Disclaimer: I have no academic credentials, and have a totally amateur interest in these matters. I was a high school student less than three years ago though.
posted by phrontist at 12:11 PM on June 24, 2009


Quick clarification: The trolley problem is seen to be connected more specifically to utilitarianism, a type of consequentialism.

I also just found this helpful wikipedia category.
posted by phrontist at 12:17 PM on June 24, 2009


I second the Peter Singer rec. He's probably the most lucid and provocative moral philosopher alive.
posted by paultopia at 12:29 PM on June 24, 2009


Yeah, nthing Singer. Practical Ethics rocked my world. Is that the same book as Applied Ethics? I can't tell.
posted by SamuelBowman at 2:04 PM on June 24, 2009


@SamuelBowman: no. Practical Ethics is a book he wrote; Applied Ethics is an anthology he edited -- articles by lots of people.
posted by kestrel251 at 3:05 PM on June 24, 2009


Response by poster: Thanks everyone for the answers. I'm not marking any best ones yet until I take the time to look around Amazon for the books and some reviews.

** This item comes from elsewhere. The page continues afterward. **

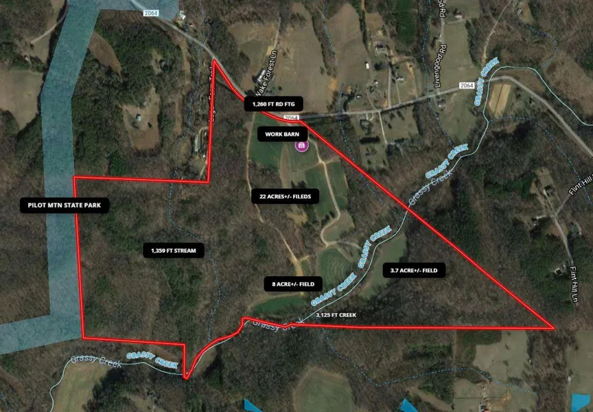 $396,670.00 in Tax Deferment Taxed only on $58,400.00. Will transfer to new owner/s. Storage building approx. 2,00 sq ft. half acre pond. Southern boarder stream and two internal streams. 4,531 feet +/- of water courses. Plenty of water. Maturing timber. View of Pilot Mountain State Park. Joins Pilot Mountain State Park corridor .

Phrontist, I'll give you two thumbs up for your answer. It gives me somewhere to begin my own online research on the subject.
posted by CrazyLemonade at 4:42 PM on June 24, 2009


Ideally you would fit this into whatever regular subject you are teaching. For instance, most professional associations have a code of ethics of some sort, so just think of whatever professional associations are associated with your particular field(s) and search for their code of ethics. This will likely give you all sorts of ideas about particular cases or examples you could use in that field.

Just to take one example out of left field, here is the code of ethics for the music teachers association.
posted by flug at 8:56 PM on June 24, 2009


If you're not teaching theory then it might not be the book that fits the bill, but I wanted to chime in to say that the two Simon Blackburn books recommended above are actually the same book released under two different titles.

(It/They is/are great but I suspect that you'd rather not pay twice for the same book. Although the ethics of Mr Blackburn putting you in a situation where that could happen is something that you could then discuss with your students, right? That was probably his plan all along.)